Autonomous vehicles are no longer a thing of the future. The technology is here and getting better every day. The current systems are however typically bound to specific controlled geographical areas, limiting their usability. There is still a lot of work and research to be done to make a truly independent autonomous vehicle. Advancements in deep learning have increased the validity of using end-to-end systems as a promising alternative approach to current systems.
This thesis explores some of the possibilities of these end-to-end systems and compares the performance of different architectures and techniques i.a. the importance of using temporal data, the importance of the quality of the dataset, classification vs. regression and the effect of increasing the complexity of the system.
This work also explores the implementation of these architectures on the JetBot robotic test platform for the task of both lane following and following navigational directions in a simplified urban environment.
The architecture proposed by Aasbø and Haavaldsen, “Autonomous Vehicle Control: End-to-end Learning in Simulated Environments. is used as a basis. The idea is explored further by applying the findings on the jetbot platform, performing further tests and validating results.

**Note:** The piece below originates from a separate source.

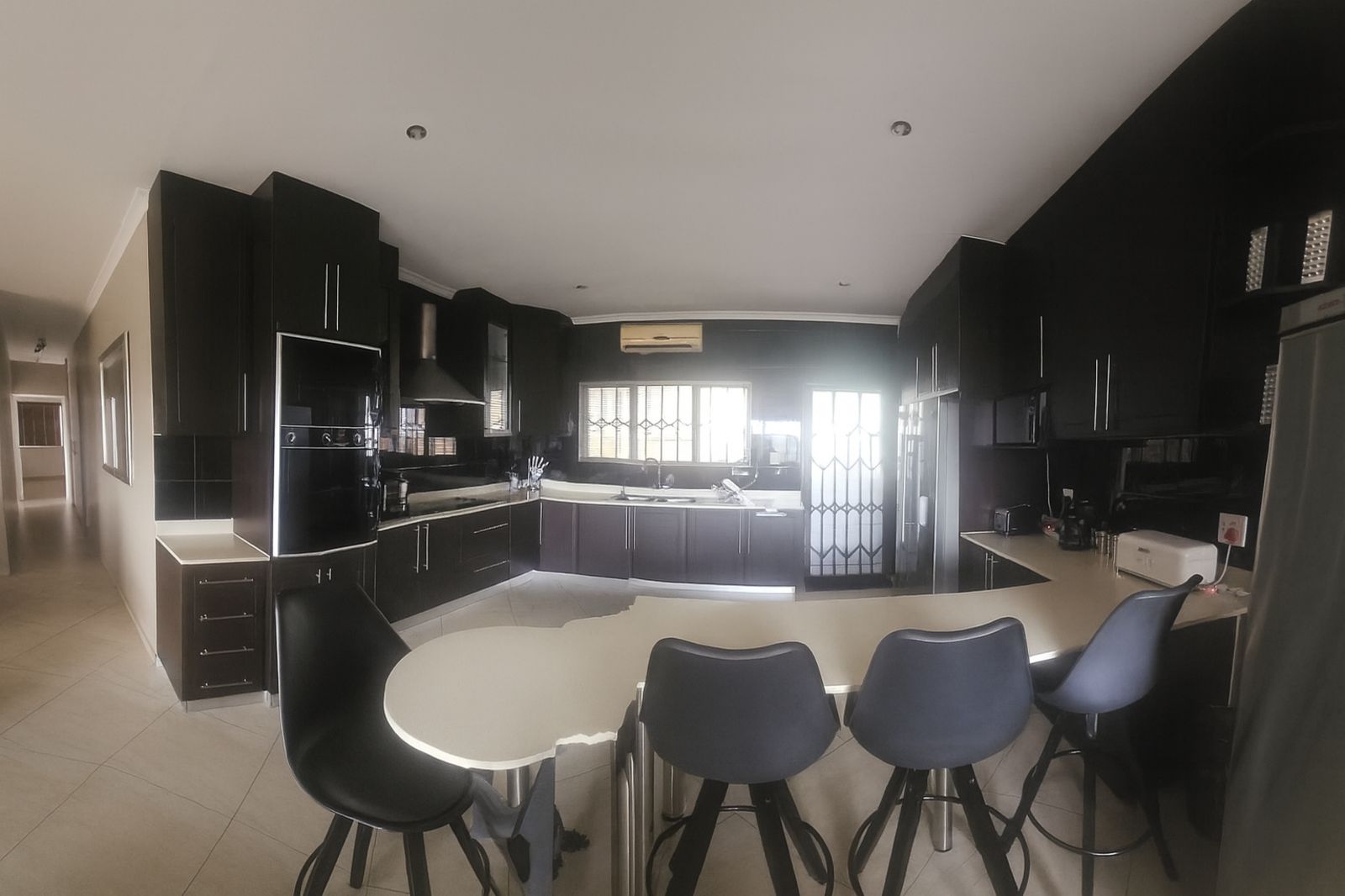 Discover the perfect blend of style and comfort in this immaculate freehold property located in the quiet suburb of Treasure Beach. The home features a seamless open-plan design where the living and dining areas merge effortlessly with a sophisticated kitchen. This culinary space is equipped with sleek dark cabinetry, built-in appliances, and a breakfast nook that is ideal for casual family meals. Tiled flooring throughout the living areas enhances the sense of space and reflects the natural light to create a bright and welcoming atmosphere.

The findings in this thesis show that even a simple deep neural net can achieve full autonomy, given a sufficiently large dataset of high quality. The results with more complex models on the JetBot platform were not promising, with the vehicle regularly ignoring commands or swerving out of lane. Further experiments hinted that this is probably because those models were over-qualified for the simple environment as well as the use of a (too) limited dataset.